(Records drawn from a dataset)
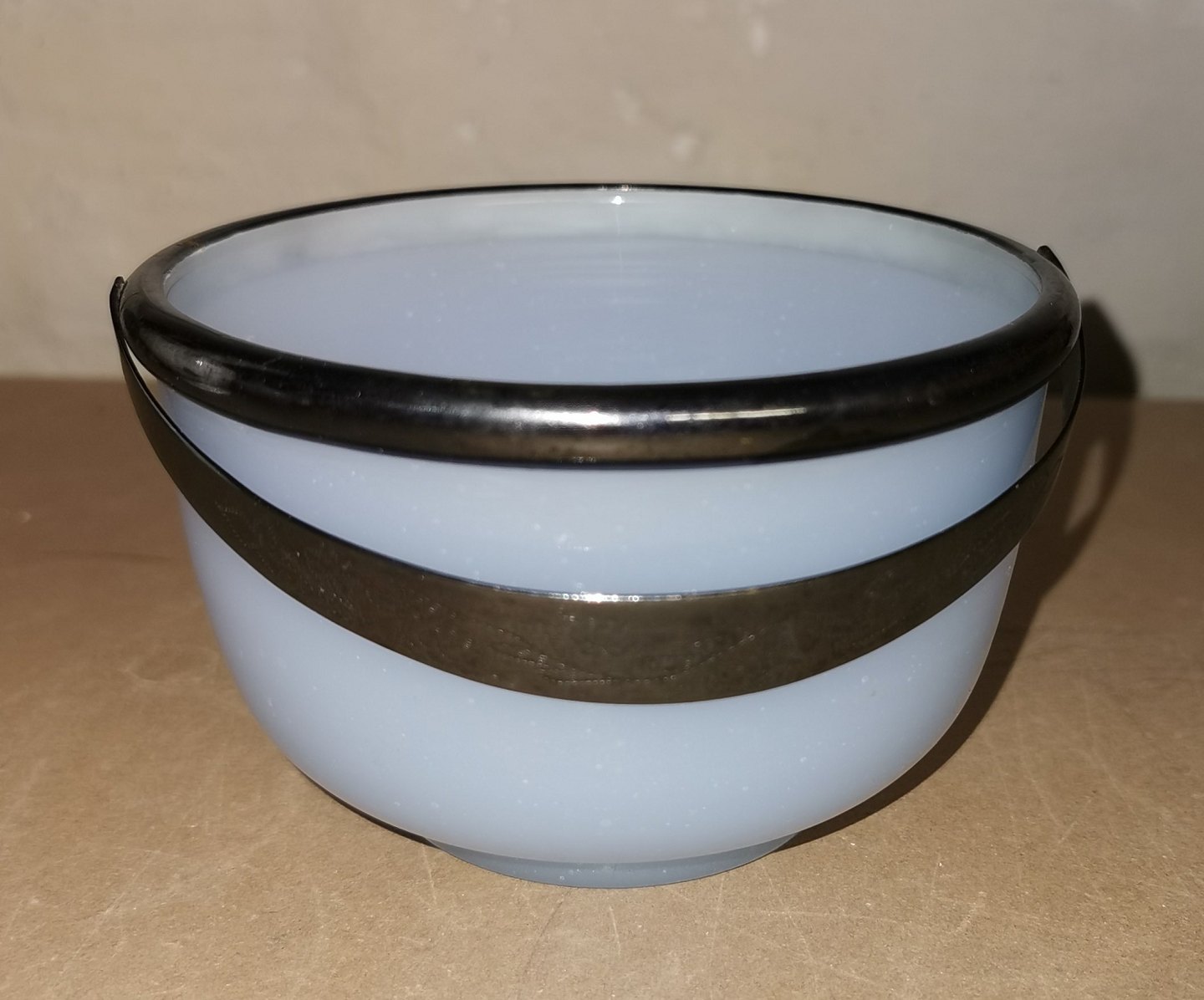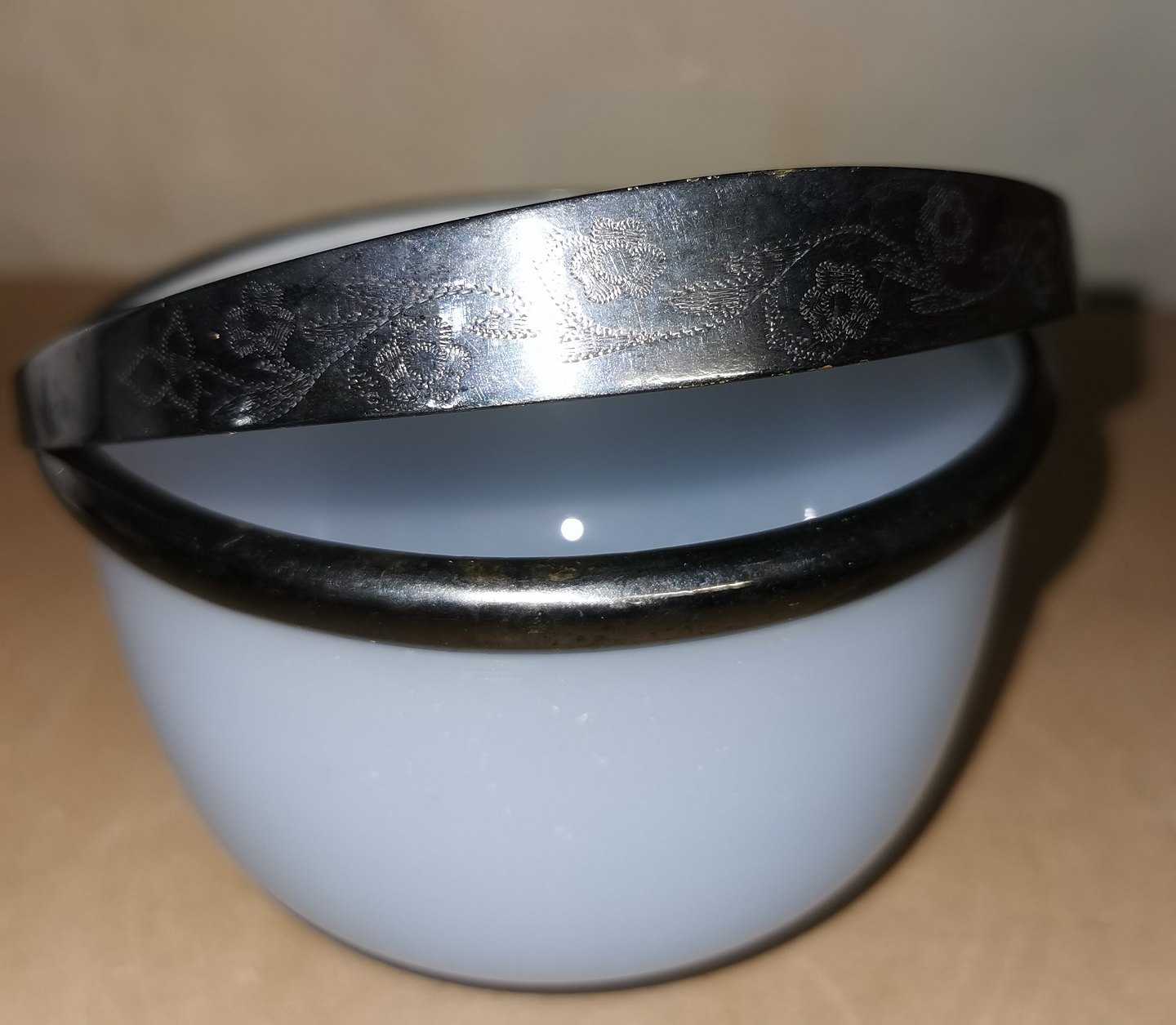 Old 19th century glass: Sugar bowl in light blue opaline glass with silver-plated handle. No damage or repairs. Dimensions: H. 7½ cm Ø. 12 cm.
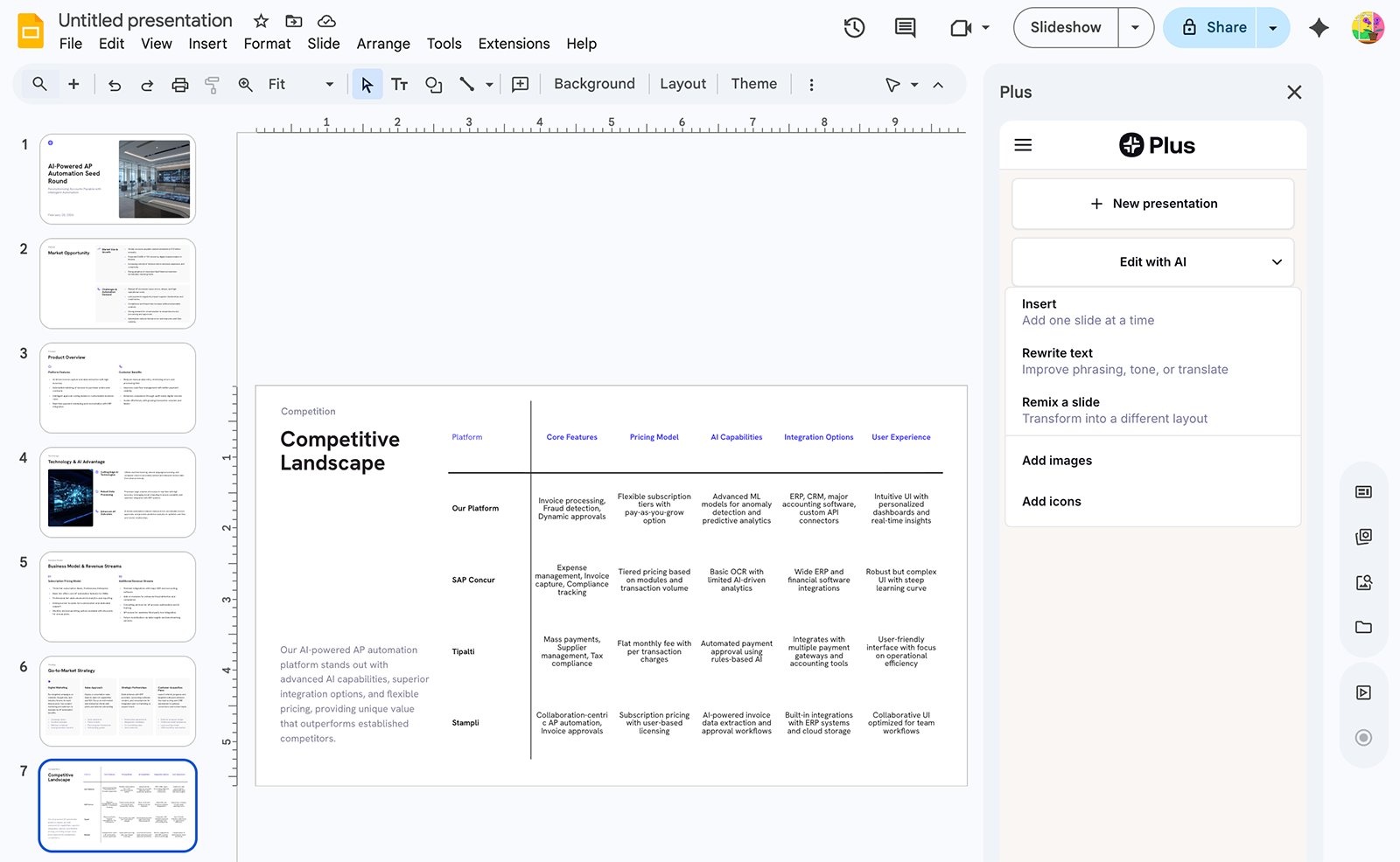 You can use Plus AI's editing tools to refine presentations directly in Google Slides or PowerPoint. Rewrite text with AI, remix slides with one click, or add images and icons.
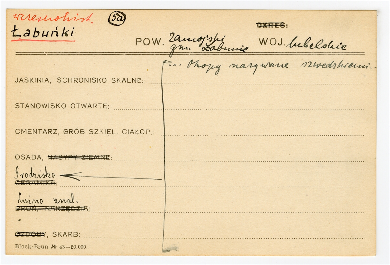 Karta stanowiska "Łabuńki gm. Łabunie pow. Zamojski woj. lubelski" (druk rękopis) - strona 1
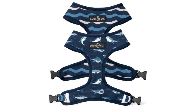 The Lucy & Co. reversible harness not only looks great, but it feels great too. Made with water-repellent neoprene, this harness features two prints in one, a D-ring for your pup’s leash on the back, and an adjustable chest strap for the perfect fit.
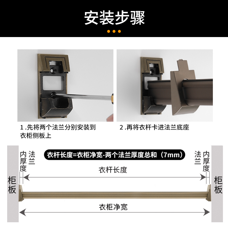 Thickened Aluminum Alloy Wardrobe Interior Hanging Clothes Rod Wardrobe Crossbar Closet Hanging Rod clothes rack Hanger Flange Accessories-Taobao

> About this task
The copy should hold every entry above word for word and none of the pictures.

> Answer box
 Old 19th century glass: Sugar bowl in light blue opaline glass with silver-plated handle. No damage or repairs. Dimensions: H. 7½ cm Ø. 12 cm.
 You can use Plus AI's editing tools to refine presentations directly in Google Slides or PowerPoint. Rewrite text with AI, remix slides with one click, or add images and icons.
 Karta stanowiska "Łabuńki gm. Łabunie pow. Zamojski woj. lubelski" (druk rękopis) - strona 1
 The Lucy & Co. reversible harness not only looks great, but it feels great too. Made with water-repellent neoprene, this harness features two prints in one, a D-ring for your pup’s leash on the back, and an adjustable chest strap for the perfect fit.
 Thickened Aluminum Alloy Wardrobe Interior Hanging Clothes Rod Wardrobe Crossbar Closet Hanging Rod clothes rack Hanger Flange Accessories-Taobao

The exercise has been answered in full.